CLAM is a Rust/Python library for learning approximate manifolds from data. It is designed to be fast, memory-efficient, easy to use, and scalable for big data applications.

CLAM provides utilities for fast search (Cakes) and anomaly detection (Chaoda).

As of writing this document, the project is still in a pre-1.0 state. This means that the API is not yet stable and breaking changes may occur frequently.

Usage

CLAM is a library crate so you can add it to your crate using cargo add abd_clam@0.21.6.

Here is a simple example of how to use CLAM to perform nearest neighbors search:

use symagen::random_data;

use abd_clam::{knn, rnn, Cakes, PartitionCriteria, VecDataset};

/// Euclidean distance function.
///
/// This function is used to compute the distance between two points for the purposes
/// of this demo. You can use your own distance function instead. The required
/// signature is `fn(T, T) -> U` where `T` is the type of the points (must
/// implement `Send`, `Sync` and `Copy`) and `U` is a `Number` type (e.g. `f32`)
/// from the `distances` crate.
fn euclidean(x: &[f32], y: &[f32]) -> f32 {
    x.iter()
        .zip(y.iter())
        .map(|(a, b)| a - b)
        .map(|v| v * v)
        .sum::<f32>()
        .sqrt()
}

// Some parameters for generating random data.
let seed = 42;
let (cardinality, dimensionality) = (1_000, 10);
let (min_val, max_val) = (-1., 1.);

/// Generate some random data.
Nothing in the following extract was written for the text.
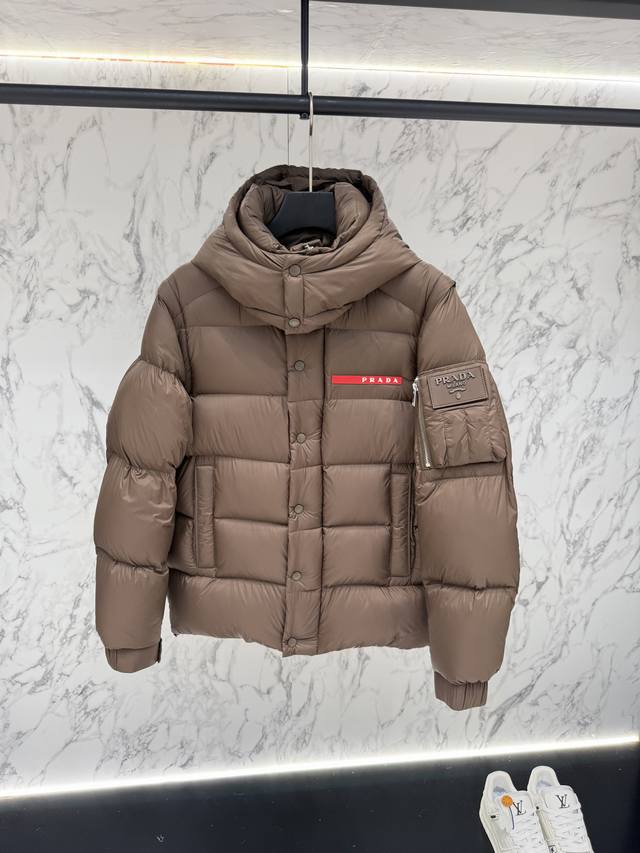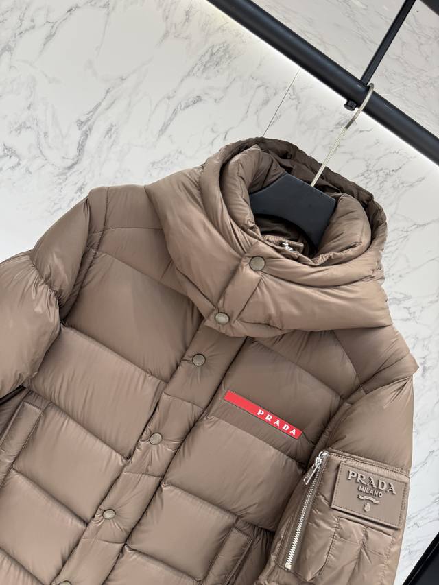 Prada's new jacquard nylon down jacket with a small metal logo. Crafted from Re

You can use your own data here.
let data: Vec<Vec<f32>> = random_data::random_f32(cardinality, dimensionality, min_val, max_val, seed);

// We will use the first point in data as our query, and we will perform
// RNN search with a radius of 0.05 and KNN search for the 10 nearest neighbors.
let query: Vec<f32> = data[0].clone();
let radius: f32 = 0.05;
let k = 10;

// We need the contents of data to be &[f32] instead of Vec<f32>. We will rectify this
// in CLAM by extending the trait bounds of some types in CLAM.
let data: Vec<&[f32]> = data.iter().map(Vec::as_slice).collect::<Vec<_>>();

let name = "demo".to_string();  // The name of the dataset.
let is_metric_expensive = false;  // We will assume that our distance function is cheap to compute.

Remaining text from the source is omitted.